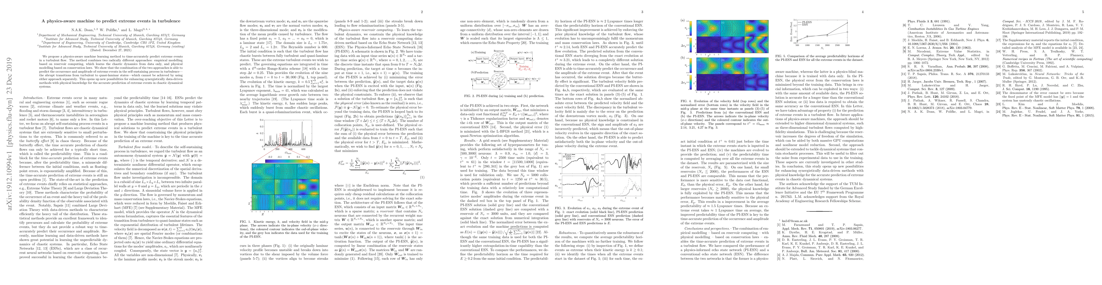 This paper introduces a physics-aware machine learning method that combines empirical reservoir computing with physical modelling based on conservation laws to predict extreme events in turbulent flow. The hybrid approach outperforms individual methods, offering improved accuracy in forecasting abrupt transitions in turbulence.
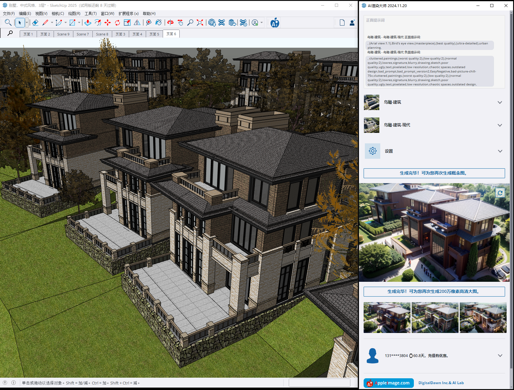 无需您写任何“关键词”,一切交给我们,一键同步SketchUp场景,为您输出灵感无限!
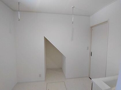 階段下を収納スペースとして活用しています!リネン類の置き場としても便利♪天井は物干し竿を掛けられる仕様になっており、室内物干し場としても活躍してくれます!
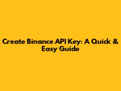 Create Binance API Key: A Quick & Easy Guide
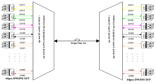 下图是易飞扬可调光模块(sfp /xfp)和 50ghz dwdw 1u机箱设备组合方案示意图,供大家参考。
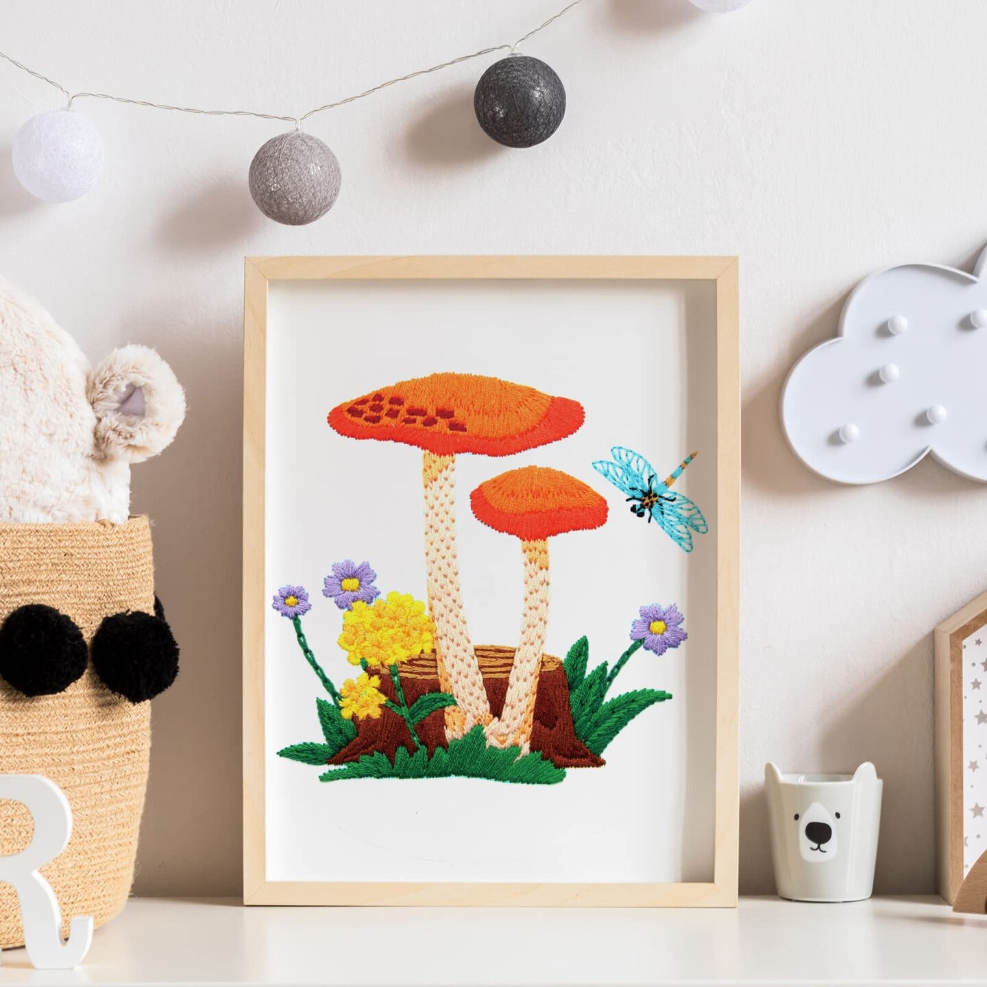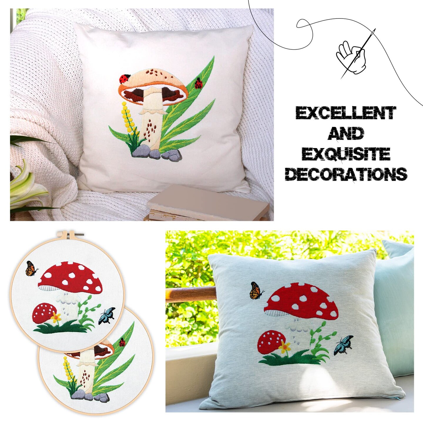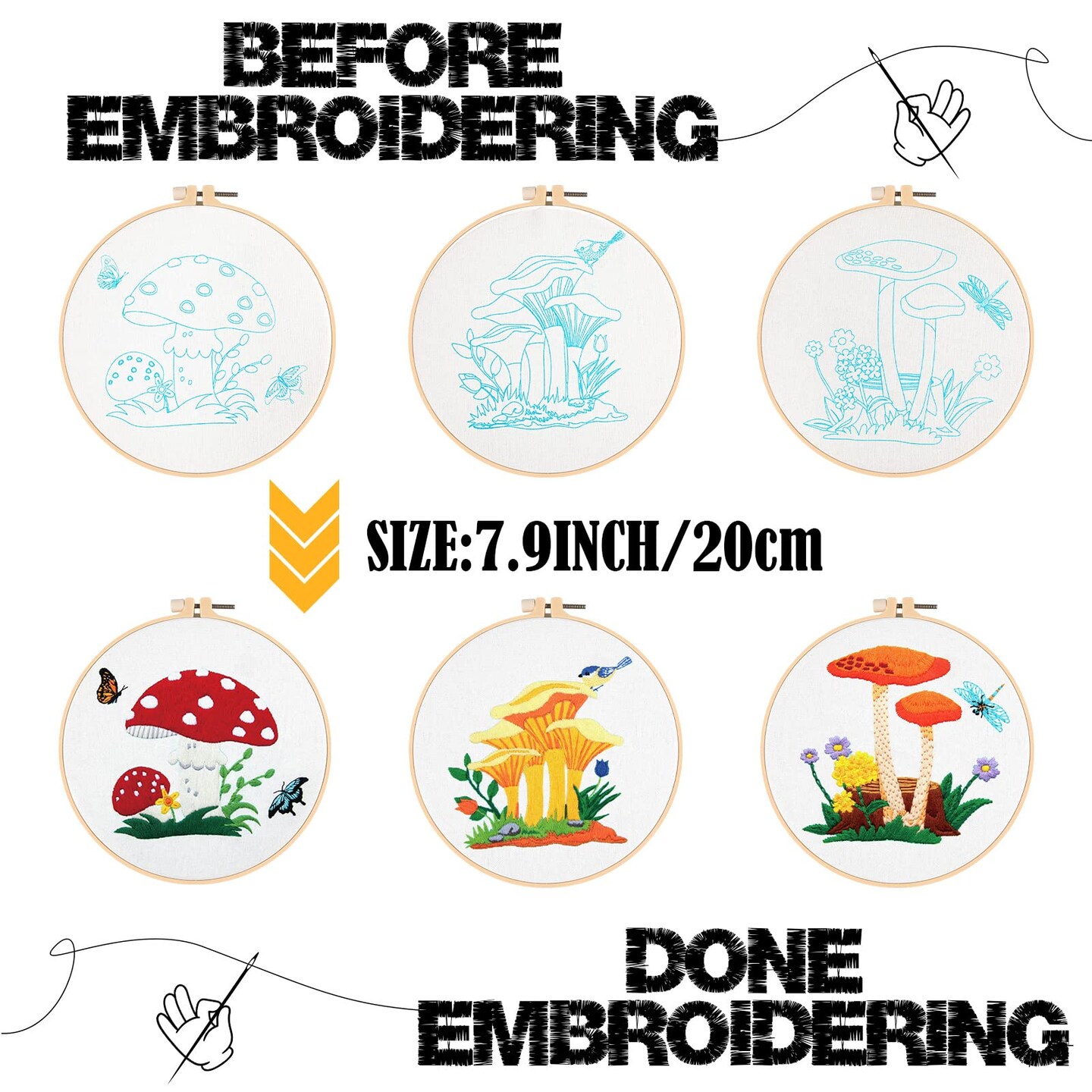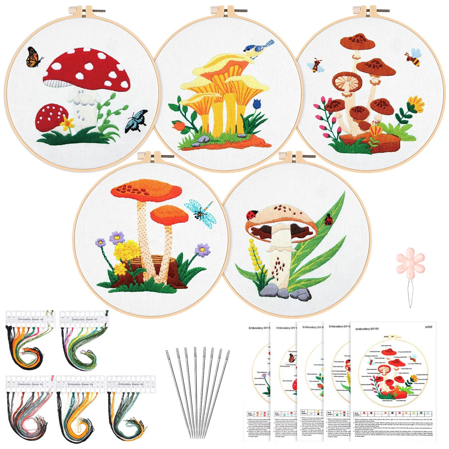 5 Sets Mushroom Embroidery Kit for Beginners with Pattern and Instructions Include Embroidery Cloth Hoops Threads for Craft Lover Hand Stitch DIY Adult Hand Needlepoint
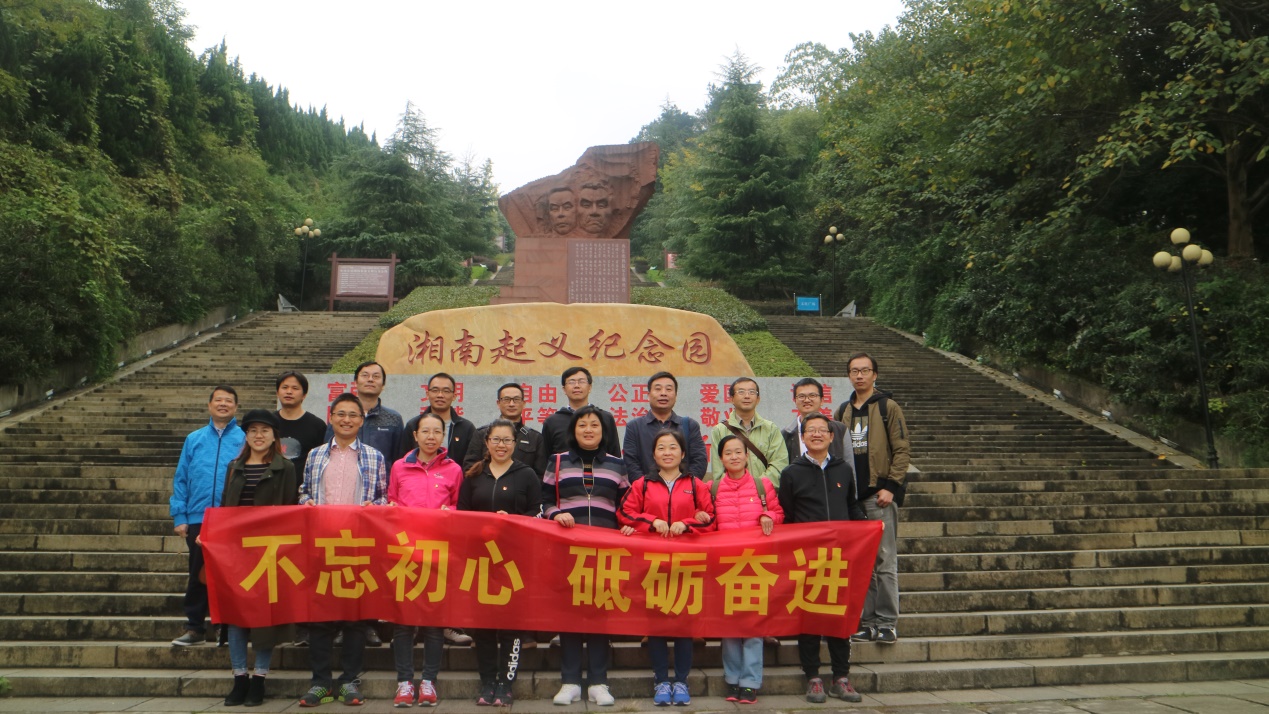 2017年11月11日,在党的十九大胜利闭幕之际,我院全体老师党员开展了以“不忘初心,砥砺奋进”为主题的党日活动,来到了湖南郴州湘南起义纪念园,一起重温历史,缅怀先烈。
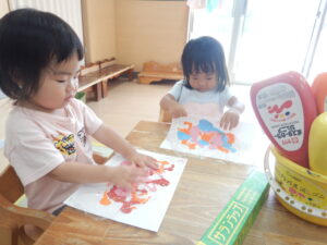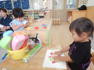 製作ではサランラップ越しに絵の具をツンツンムニムニ広げ、感触を味わいましたよ。
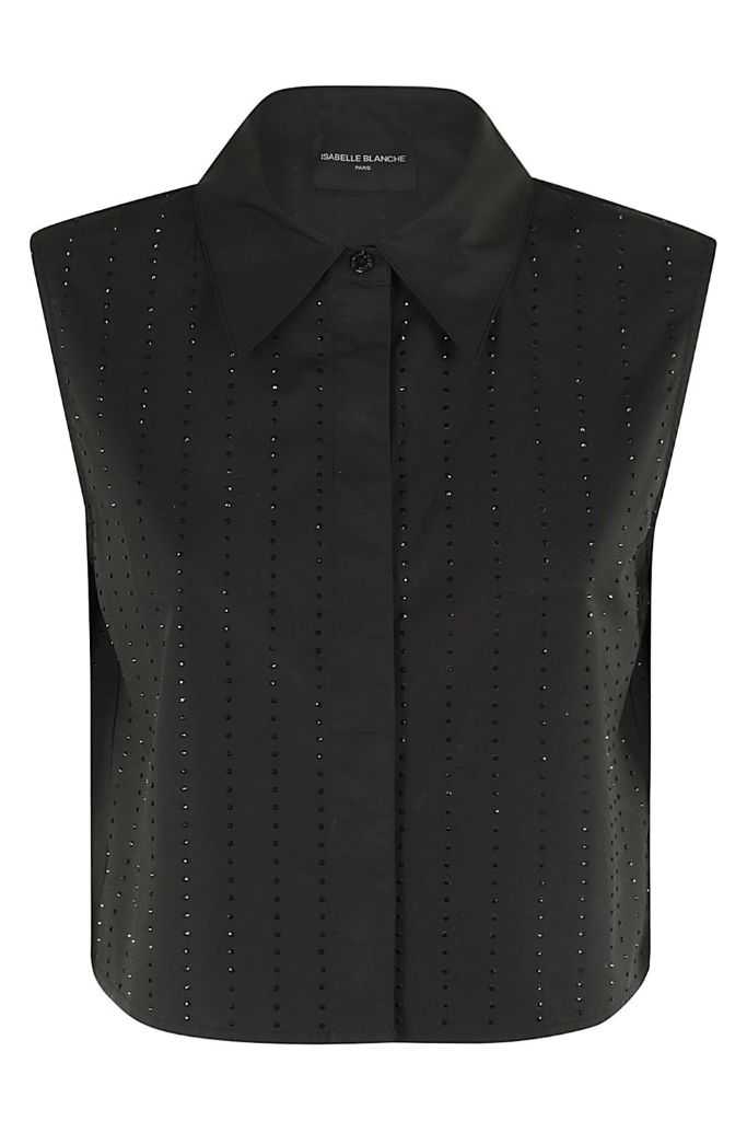 ISABELLE BLANCHE Camicia giromaniche con colletto dritto in cotone colore nero. Applicazioni strass all over. La modella indossa la taglia S-40 taglia italiana ed è alta 176 cm
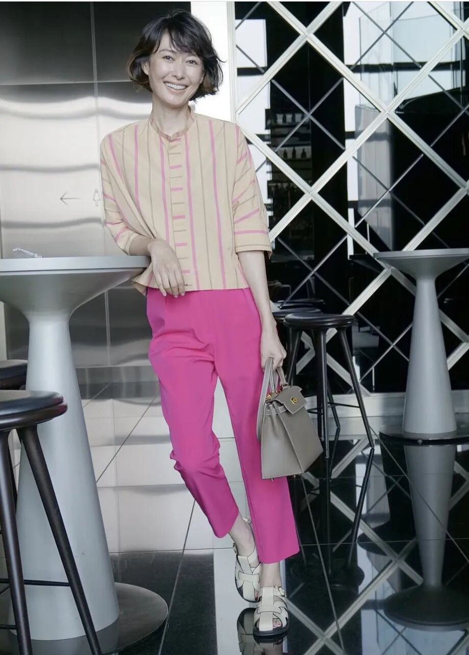 菊池京子很少看到她用到碎花,夏天来了,在她的ootd里面用了粉色的碎花,还有粉色的丝巾和包包,确实很亮眼,而且都是和蓝色搭配,夏天大家可以考虑下藏青色、蓝色和粉色混搭,不敢尝试大片的印花,可以从配饰上是试起来。
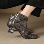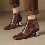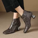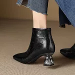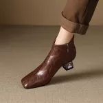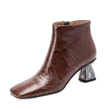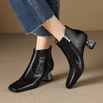 These ankle boots are a must-have for every fashion-forward woman this winter. With their striking strange heel design and square toe, they provide a sophisticated yet bold look that will turn heads wherever you go. The genuine leather material ensures that the boots remain a timeless addition to your wardrobe, while the sheepskin insole keeps your feet comfortable even during longer outings. Not just for winter, these boots are versatile enough to pair with dresses, skirts, jeans, or leggings. Their modern zipper closure makes them easy to put on and take off, while the rubber outsole gives you the stability and traction needed for a day out on any surface.Perfect for Any Occasion
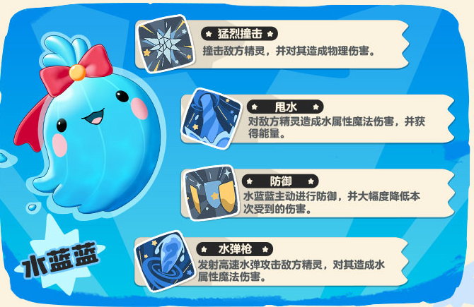 水蓝蓝是水系宠物,适合喜欢灵活操作,用控制技能打乱敌人节奏,施展多样战术的玩家,它的特性 “浸润” 相当实用,使用水系技能后,所有技能释放所需的能量将会降低,战斗中能频繁释放技能,掌握主动权。
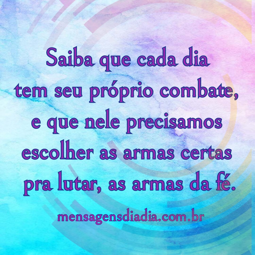 Saiba que cada dia tem o seu combate, e que nele precisamos escolher as armas certas pra lutar, as armas da fé A cada dia
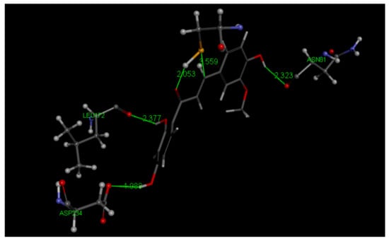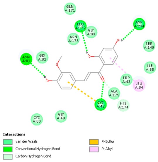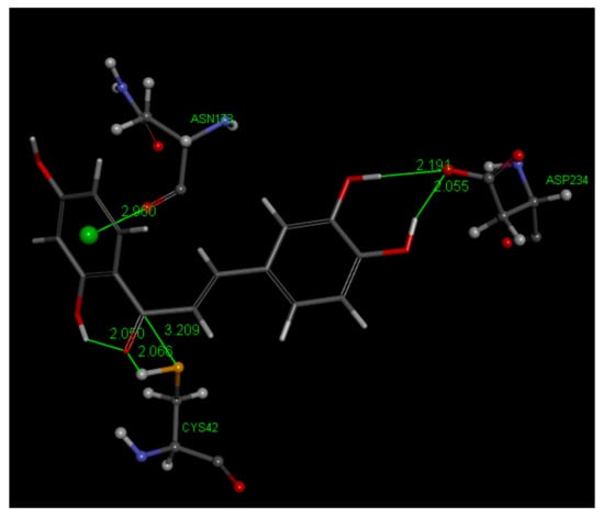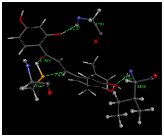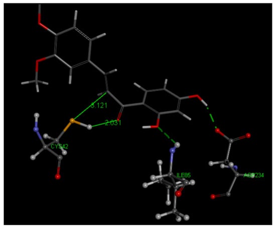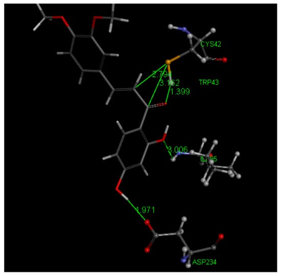 Three-dimensional (3D) interaction of Homobutein (3) with the receptor 3BPF Falcipain-2, pose 6. Compared to Butein, S(Cys42) shows a greater separation to the chalcone, 3.559 Å to the ethenyl β carbon. Three amino acids give stability to this arrangement through H bonds. O(carbonyl) shows a H-bond to H[S(Cys42)], 2.053 Å. Upon calculating binding energy (−16.7 kcal/mol) the arrangement is confirmed, showing S—C(β ethelnyl) separation of 3.400 Å, while O(carbonyl)—H[S(Cys42)] distance becomes longer, 2.458 Å. After minimization H bonds between Homobutein and amino acids Asn81, Leu172 and Asp234 show shorter lengths, 2.183 Å, 2.344 Å and 1.792 Å, respectively. The H atom bound to the ethenyl β carbon (shown in ball style) seems to hinder the approach of S(Cys42) and so no covalent bond seems feasible for Homobutein.

> _Goal of the exercise_
Up in the listing, locate the line with "製作ではサランラップ越しに絵の具をツンツンムニムニ広げ、感触を味わいましたよ。"; print it and every line after it down to the line with "菊池京子很少看到她用到碎花,夏天来了,在", which is included too. Skip the pictures.

> _Completed exercise_
 製作ではサランラップ越しに絵の具をツンツンムニムニ広げ、感触を味わいましたよ。
 ISABELLE BLANCHE Camicia giromaniche con colletto dritto in cotone colore nero. Applicazioni strass all over. La modella indossa la taglia S-40 taglia italiana ed è alta 176 cm
 菊池京子很少看到她用到碎花,夏天来了,在她的ootd里面用了粉色的碎花,还有粉色的丝巾和包包,确实很亮眼,而且都是和蓝色搭配,夏天大家可以考虑下藏青色、蓝色和粉色混搭,不敢尝试大片的印花,可以从配饰上是试起来。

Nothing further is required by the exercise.